[[ INPUT MATERIAL open ]]

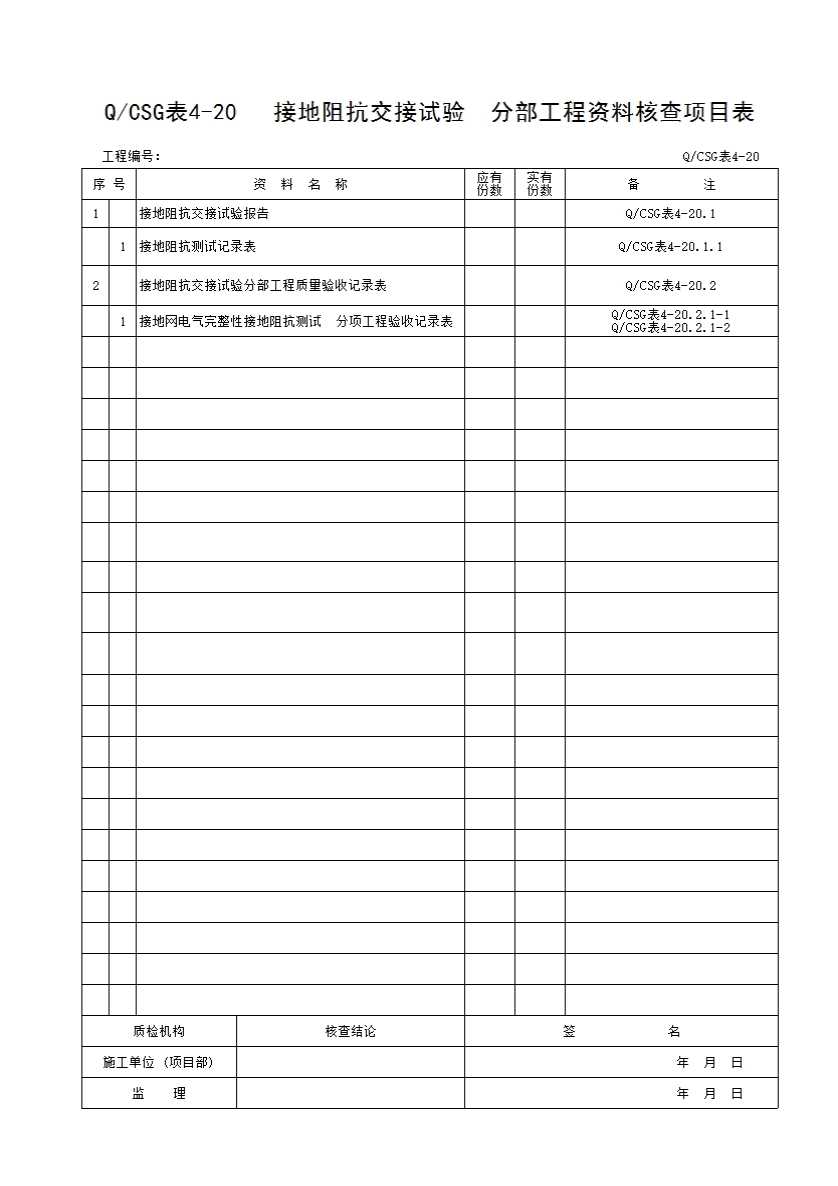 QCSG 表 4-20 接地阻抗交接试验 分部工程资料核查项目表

[[ INPUT MATERIAL closed ]]
[[ INPUT MATERIAL open ]]

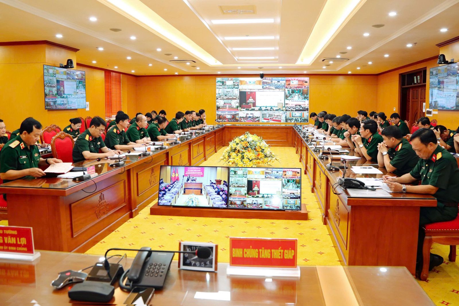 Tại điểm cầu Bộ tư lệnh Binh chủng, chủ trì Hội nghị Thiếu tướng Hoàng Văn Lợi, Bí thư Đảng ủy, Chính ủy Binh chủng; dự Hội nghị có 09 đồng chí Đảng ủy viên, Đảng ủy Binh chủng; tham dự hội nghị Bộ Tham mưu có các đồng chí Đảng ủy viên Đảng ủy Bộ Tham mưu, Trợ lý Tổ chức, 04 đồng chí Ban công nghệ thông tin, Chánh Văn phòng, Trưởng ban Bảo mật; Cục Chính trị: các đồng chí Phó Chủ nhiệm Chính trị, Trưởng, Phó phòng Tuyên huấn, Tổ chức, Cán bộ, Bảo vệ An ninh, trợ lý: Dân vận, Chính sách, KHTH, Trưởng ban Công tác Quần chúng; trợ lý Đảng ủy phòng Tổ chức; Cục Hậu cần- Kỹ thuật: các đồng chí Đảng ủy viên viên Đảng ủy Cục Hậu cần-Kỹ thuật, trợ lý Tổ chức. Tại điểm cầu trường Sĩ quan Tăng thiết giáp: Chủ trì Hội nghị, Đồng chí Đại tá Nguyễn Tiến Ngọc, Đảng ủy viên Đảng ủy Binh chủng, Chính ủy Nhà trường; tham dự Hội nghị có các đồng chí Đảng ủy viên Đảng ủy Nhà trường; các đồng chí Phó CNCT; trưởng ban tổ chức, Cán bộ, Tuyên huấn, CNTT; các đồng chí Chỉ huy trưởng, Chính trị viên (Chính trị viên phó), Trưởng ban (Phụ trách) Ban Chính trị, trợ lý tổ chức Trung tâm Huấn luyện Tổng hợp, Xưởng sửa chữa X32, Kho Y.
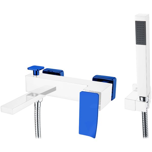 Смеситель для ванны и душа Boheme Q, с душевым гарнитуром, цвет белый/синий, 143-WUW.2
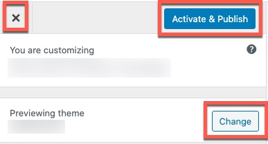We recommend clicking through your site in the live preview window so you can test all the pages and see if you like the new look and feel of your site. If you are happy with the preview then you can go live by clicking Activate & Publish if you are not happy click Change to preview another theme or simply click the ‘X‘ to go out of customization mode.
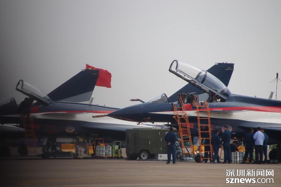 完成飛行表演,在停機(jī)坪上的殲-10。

[[ INPUT MATERIAL closed ]]

EXERCISE BRIEF
Reproduce the data above exactly, but only from the line containing "Смеситель для ванны" through the line containing "完成飛行表演,在停機(jī)坪上的殲-10。". Omit all pictures.

SOLUTION FOR THIS PROBLEM
 Смеситель для ванны и душа Boheme Q, с душевым гарнитуром, цвет белый/синий, 143-WUW.2
We recommend clicking through your site in the live preview window so you can test all the pages and see if you like the new look and feel of your site. If you are happy with the preview then you can go live by clicking Activate & Publish if you are not happy click Change to preview another theme or simply click the ‘X‘ to go out of customization mode.
 完成飛行表演,在停機(jī)坪上的殲-10。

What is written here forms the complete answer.